Supplied data:
----
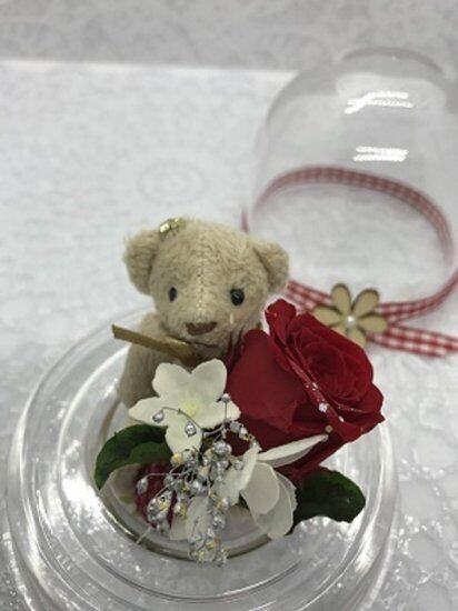 手のひらサイズの小さなドームの中で、可愛いベアーがプリザーブドフラワーの花束を抱えています。
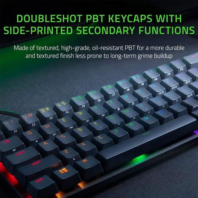 The Razer Huntsman Mini doesnt have the function row, home cluster and numpad of a traditional full-sized keyboard, yet loses no functionality because all these inputs are still accessible via secondary functions and shortcuts. Ideal for minimalist or smaller setups where desk space is a premium, its compact build also means it travels well and is easier to position when gamingallowing you to play more comfortably. Doubleshot PBT Keycaps
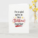 This greeting card features a simple off-white background with a centered message that feels honest and supportive. The text reads, “I’m so glad we’re in this Shitshow together,” with most of the words in black, casual script. “Shitshow” stands out in large red brush-style lettering right in the middle, with short red lines around it like little bursts. Small yellow stars and a few tiny red hearts sit near the main word, adding a sweet touch without taking over the design. The final word “together” appears near the bottom in black script and is underlined by a thick red brushstroke. Overall, it mixes humor with affection, like a note to someone you trust when life gets messy ❤️💌.
----
With the images excluded, reproduce the data above precisely as written.

Solution:
 手のひらサイズの小さなドームの中で、可愛いベアーがプリザーブドフラワーの花束を抱えています。
 The Razer Huntsman Mini doesnt have the function row, home cluster and numpad of a traditional full-sized keyboard, yet loses no functionality because all these inputs are still accessible via secondary functions and shortcuts. Ideal for minimalist or smaller setups where desk space is a premium, its compact build also means it travels well and is easier to position when gamingallowing you to play more comfortably. Doubleshot PBT Keycaps
 This greeting card features a simple off-white background with a centered message that feels honest and supportive. The text reads, “I’m so glad we’re in this Shitshow together,” with most of the words in black, casual script. “Shitshow” stands out in large red brush-style lettering right in the middle, with short red lines around it like little bursts. Small yellow stars and a few tiny red hearts sit near the main word, adding a sweet touch without taking over the design. The final word “together” appears near the bottom in black script and is underlined by a thick red brushstroke. Overall, it mixes humor with affection, like a note to someone you trust when life gets messy ❤️💌.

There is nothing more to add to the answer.